PromptML: DSL for AI Prompt Engineering

GitHub Stats Value
Stars 29
Forks 2
Language Python
Created 2024-04-27
License MIT License

PromptML, or Prompt Markup Language, is a simple and elegant markup language designed to define AI prompts in a structured and deterministic way. It allows prompt engineers to break down complex prompts into clear sections such as context, objective, instructions, and metadata, making the information explicit and manageable. This Domain Specific Language (DSL) enables AI agents to automatically generate prompts for other AI systems. With its straightforward syntax using @ section annotations and # comments, PromptML simplifies the process of creating and managing AI prompts, making it a valuable tool for those working in the field of AI prompt engineering.

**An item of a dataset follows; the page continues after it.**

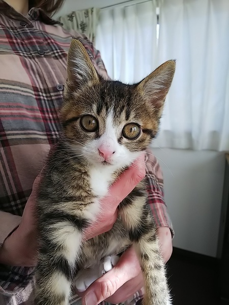 | 里親募集する理由 | 空き家で生まれた子猫を保護しました。三匹中この子以外は亡くなってしまい、一人頑張って生き延びたので、とにかく幸せになってほしいです。 うちで飼えればよいのですが、先住猫が神経質で折合いが悪く、また妻がアレルギーがあり2匹目は厳しく、里親さんを募集します。 とても可愛い甘えん坊の子猫です。 |

Overview: PromptML is a simple and elegant markup language designed for defining AI prompts in a deterministic way. It is a Domain Specific Language (DSL) that breaks down AI prompts into explicit sections, making it easier to manage and standardize prompt engineering.

Key Features:

  • Structured Prompts: PromptML splits prompts into sections such as context, objective, instructions, examples, constraints, and metadata, making the information explicit.
  • Syntax: The language uses @ section annotations and @end markers to define blocks. Comments start with #, and files end with the .pml extension.
  • Standardization: Promotes standardization over fragmentation, enabling collaboration and version control.
  • Flexibility: Allows for defining variables and using them within the prompt.
  • Serialization: Prompts can be serialized into XML, YAML, or JSON formats.

Capabilities:

  • Explicit Definition: Makes the contents of a prompt explicit, reducing ambiguity.
  • Collaboration: Facilitates teamwork by providing a clear and standardized way of defining prompts.
  • Version Control: Enables version control of prompts, enhancing reliability and traceability.
  • Custom Metadata: Supports adding custom metadata to prompts.
  • Integration: Can be integrated with AI models like OpenAI and Google models using the promptml-cli.

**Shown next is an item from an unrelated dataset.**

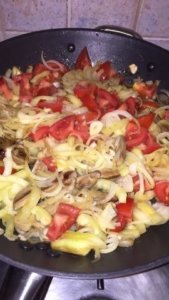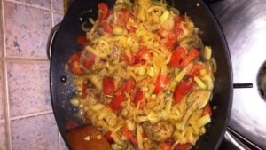 A májat 1 cm vastagságúra vágjuk, majd zsírjára sütjük. A zsírt leszedjük, amennyire tudjuk. A zöldséggel átforgatjuk, sütjük még pár percig. Jázmin rizzsel tálaljuk.A végen szórjunk rá flekken port…úgy a családnak is jobban ízlik. Tálalás után sózzuk ízlés szerint.

Usage: Users can install the promptml-cli to run PromptML programs. The language grammar is influenced by XML and Ruby, making it comfortable for users familiar with these languages. PromptML files can be parsed using Python, and the resulting prompts can be serialized into various formats.

PromptML allows you to define AI prompts in a structured and explicit way. Here’s an example of how you can define a prompt using PromptML:

pml

@prompt
    @context
        This is the context section.
    @end

    @objective
        This is the objective section.
    @end

    @instructions
        @step
            Step 1
        @end
    @end

    @examples
        @example
            @input
                Input example 1
            @end
            @output
                Output example 1
            @end
        @end
    @end

    @category
        Prompt Management
    @end

    @constraints
        @length min: 1 max: 10 @end
    @end

    @metadata
        top_p: 0.9
        n: 1
        team: promptml
    @end
@end

You can parse this PromptML code using the PromptParser and use it in your application:

py

from promptml.parser import PromptParser

promptml_code = '''
    @prompt
        ...
'''

parser = PromptParser(promptml_code)
prompt = parser.parse()

print(prompt)

You can define variables in your PromptML files and use them within the prompt:

pml

@vars
    name = "John Doe"
@end

@prompt
    @context
        You are a name changing expert.
    @end

    @objective
        You have to change the name: $name to an ancient name.
    @end
@end

PromptML documents can be serialized into various formats such as XML, YAML, or JSON:

python

## XML
serialized = prompt.to_xml()
print(serialized)

## JSON
prompt.to_json()

## YAML
prompt.to_yaml()
  • Install and Run: Install the promptml-cli to run PromptML programs with OpenAI and Google models.
  • Understand Syntax: Refer to the prompt.pml file for complete syntax and examples.
  • Contribute: The repository is open for contributions, such as adding more unit tests or supporting VSCode syntax

Key Points:

  • Standardization: PromptML introduces a Domain Specific Language (DSL) to standardize AI prompts, reducing fragmentation and confusion.
  • Explicit Structure: It breaks down prompts into explicit sections (context, objective, instructions, examples, constraints, category, and metadata), enhancing reliability and clarity.
  • Collaboration and Version Control: Facilitates collaboration among prompt engineers and enables version control.
  • Flexibility and Constraints: Combines the flexibility of natural languages with the strict constraints needed for generative AI.
  • Serialization: Supports serialization into XML, YAML, and JSON formats.

Future Potential:

  • Integration with IDEs: Planned support for VSCode syntax highlighting will enhance developer experience.
  • Expanded Testing: Addition of more unit tests to ensure robustness.
  • Broader Applications: Potential integration with other AI systems like RAG (Retrieval-Augmented Generation).

PromptML aims to revolutionize prompt engineering by providing a structured, collaborative, and flexible framework for defining AI prompts.

For further insights and to explore the project further, check out the original narenaryan/promptml repository.

Content derived from the narenaryan/promptml repository on GitHub. Original materials are licensed under their respective terms.